Though Sōseki did not identify The Gate as part of an official trilogy, scholars and critics usually consider The Gate to be the third in a series of novels starting with Sanshirō and And Then. All three novels deal with the themes of self-knowledge and responsibility – on the one hand, accountability to society, and on the other, responsibility to one's own emotions. However, the three novels do not share characters.

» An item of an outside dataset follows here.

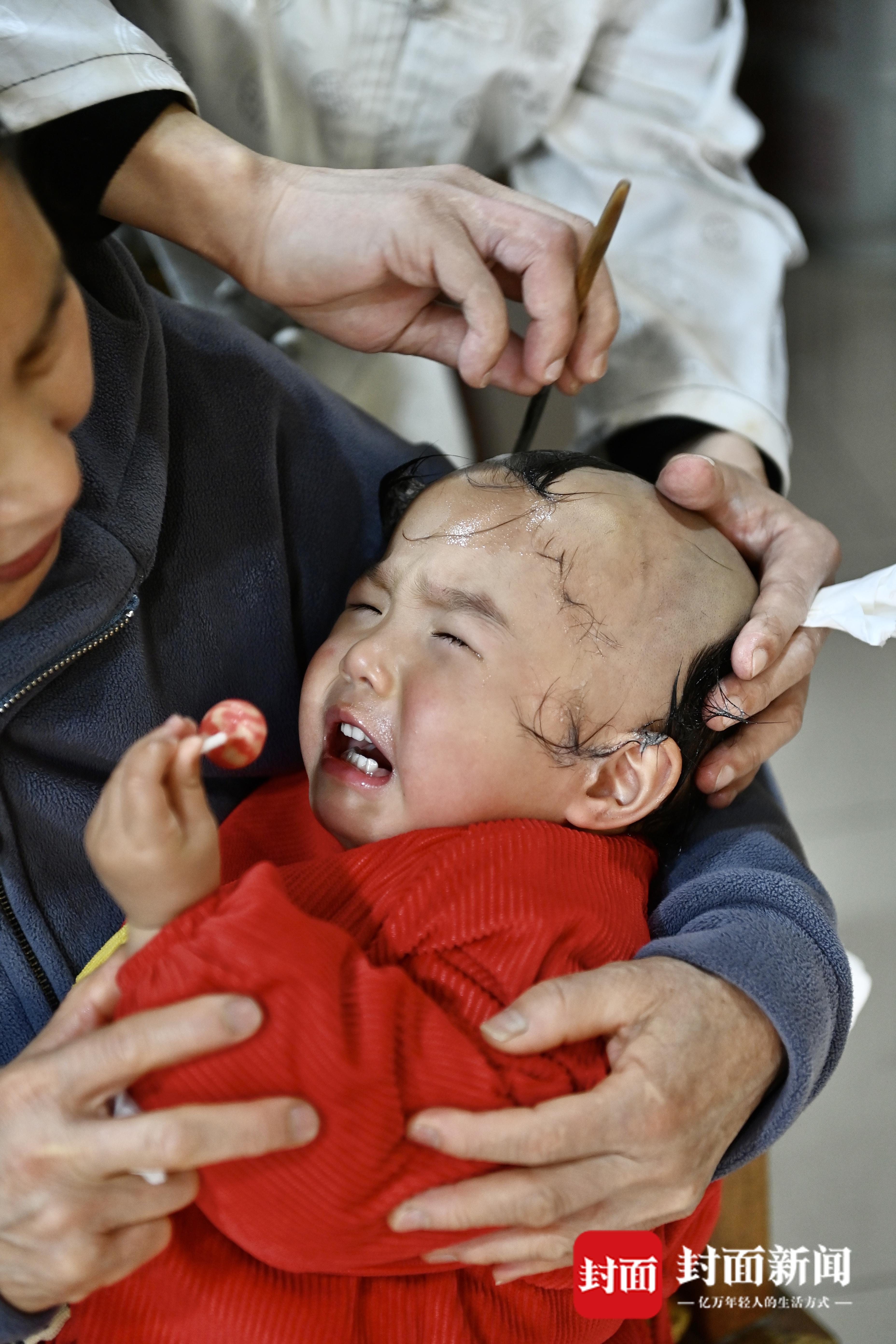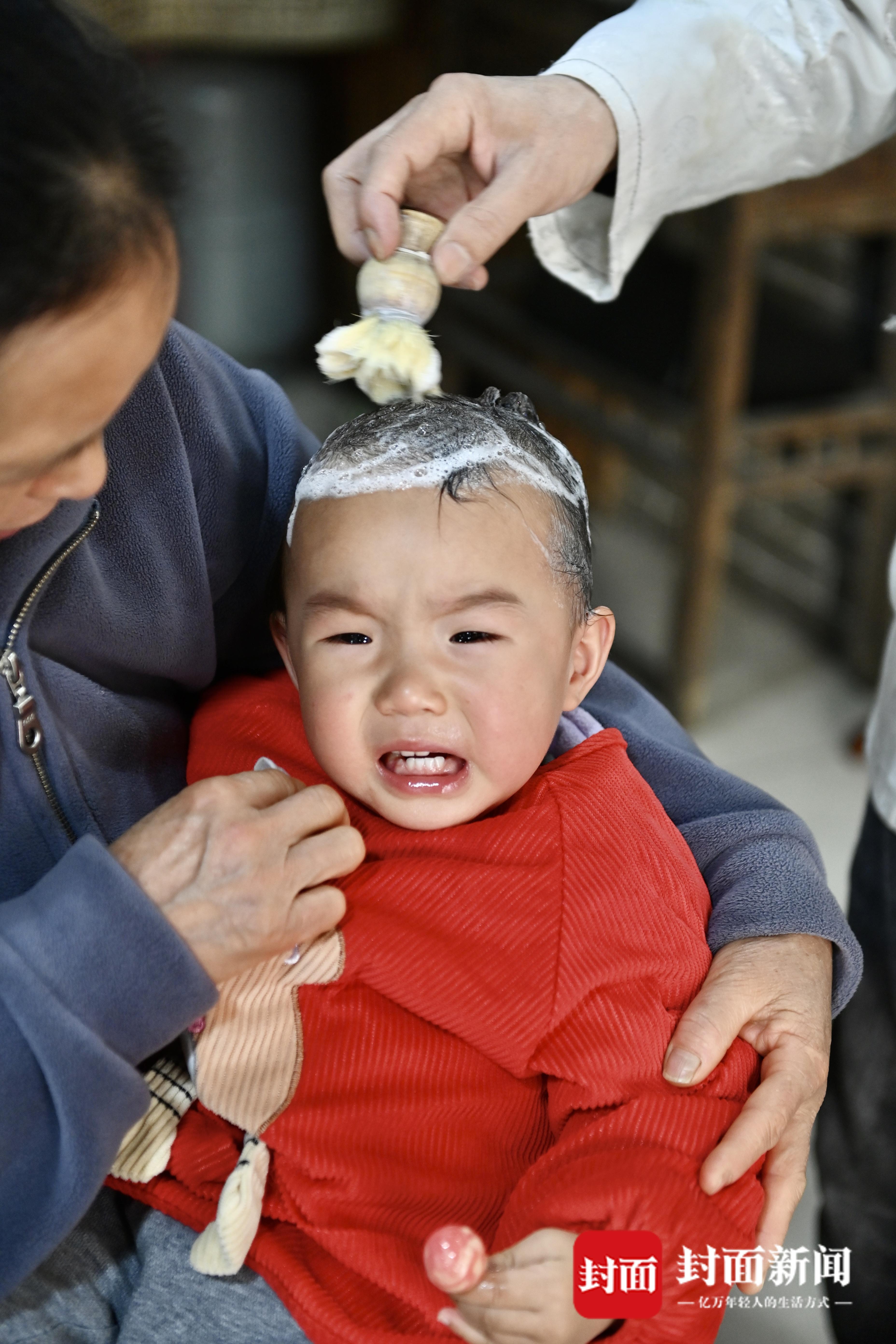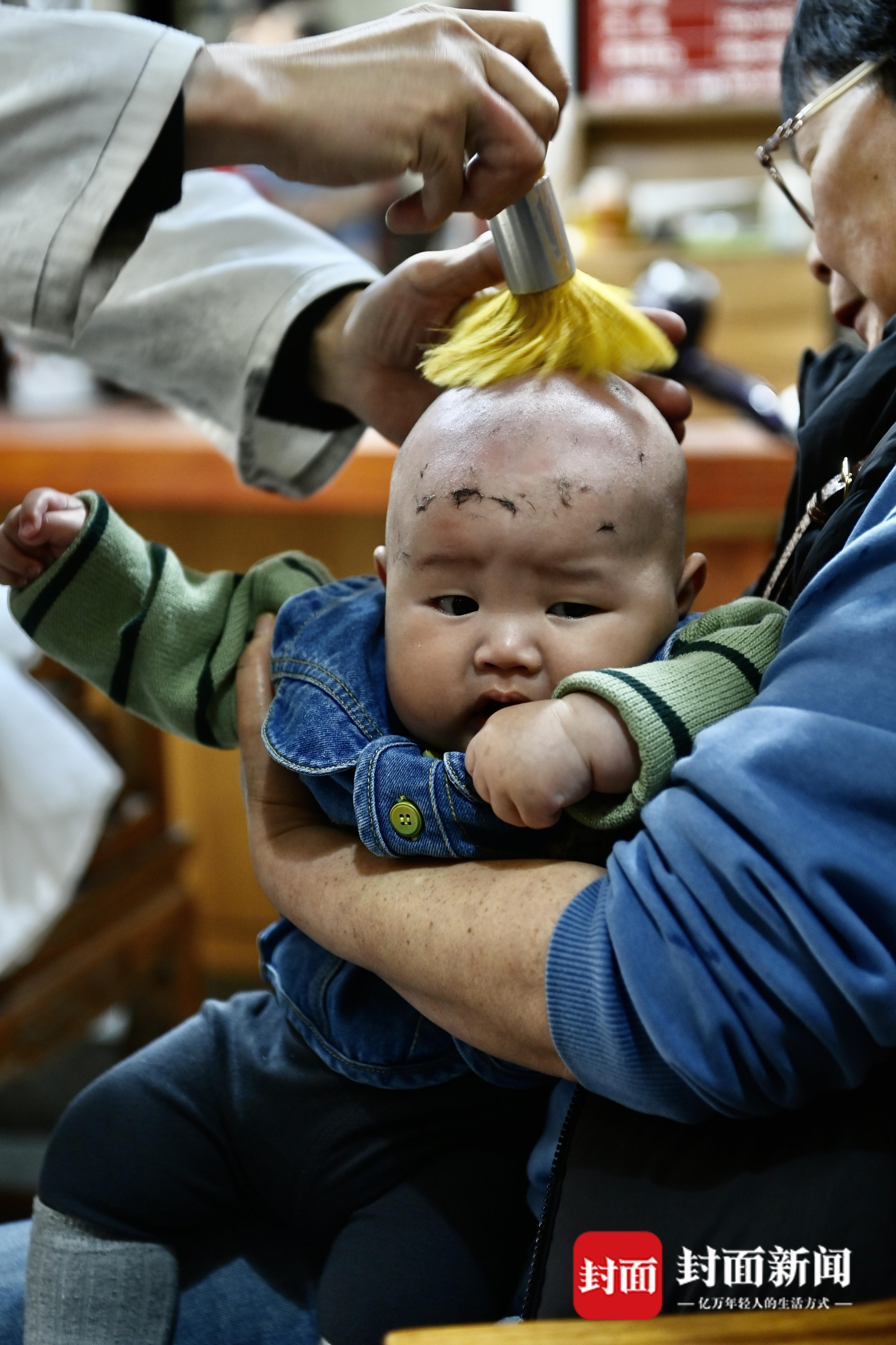 农历二月初二,宝娃在理发店“剃喜头”。

According to critic Pico Iyer, The Gate is a book "about what never comes to pass."The Gate focuses on detailed description of characters and setting, leaving the reader to fill in the blanks where action is left undescribed. The action that is described is often portrayed as fruitless, or as making a bad situation worse. For example, Sosuke's trip to the Zen temple only teaches him that his efforts to seek enlightenment are unlikely to succeed. The temple episode goes back to Sōseki's own experience in a temple in Kamakura.

Shortly after completing The Gate, Sōseki nearly died from an ongoing illness and its treatments, and his later works changed in tone and content.

==English translations==
The Gate has been translated into English by Francis Mathy in 1972 and by William F. Sibley in 2013.